AURA’s AI work centers around predictive analytics, deep learning, and data-augmented decision making. Training on large historical data sets allow AURA’s AI algorithms to support long-term strategic decisions, urgent tactical response, while also offering clients the best possible user experience.
Innovative AI algorithms being built by AURA will allow crucial decisions to be guided by data. AURA’s focus on AI is geared towards increasing the speed and efficiency of human-in-the-loop intelligence, not replacing human intelligence. Below are details about a few selected AURA AI products:
US Air Force aerial ports are responsible for moving nearly 300,000 tons of cargo per year. However, redundant manual processes and other inefficiencies create procedural waste which can be prevented through the application of AI. To solve these issues, AURA is developing Atticus™, a sustainable, end-to-end AI product with three major goals:
- pallet preparation recommendation
- readiness assessment
- cargo tracking
Given the uncertainty in the world today, aerial ports must be ready to ramp up operations quickly in the event of a conflict, and Atticus™ will play a key role in increasing readiness.
- OrbitOutlookOptimizer™ (O3)
As the number of satellites in orbit increase due to the commercialization of space technology, tracking of space debris must ensure that avoidable collisions do not occur.
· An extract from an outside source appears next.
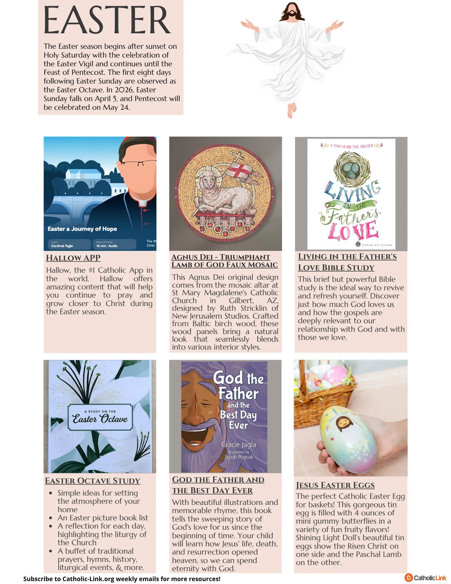 Links to purchase: Hallow, Agnus Dei Faux Mosaic, Living In The Father’s Love Bible Study, Easter Octave Study from Into the Deep, God the Father and the Best Day Ever, Jesus Easter Eggs

Non-traditional data sources, such as sensor observations from academia or industry, have not yet been properly utilized due to the difficulty of integrating them within traditional astrophysical calculations.
AURA is developing deep learning algorithms to not only unify disparate data types but also grade the uncertainty and usefulness of the non-traditional information.
Diminishing Manufacturing Source and Material Shortage (DMSMS) issues result when there is a loss (or impending loss) of component manufacturers or raw-materials suppliers, often in the context of electronic components. Many factors affect part obsolescence, but the majority of DMSMS concerns arise from technological improvements, decreased demand, and material shortages. Saker™ is a decision-augmentation system that greatly increases efficiency in the part replacement cycle by providing more structured and relevant information than is traditionally available, while scaling to meet user demand.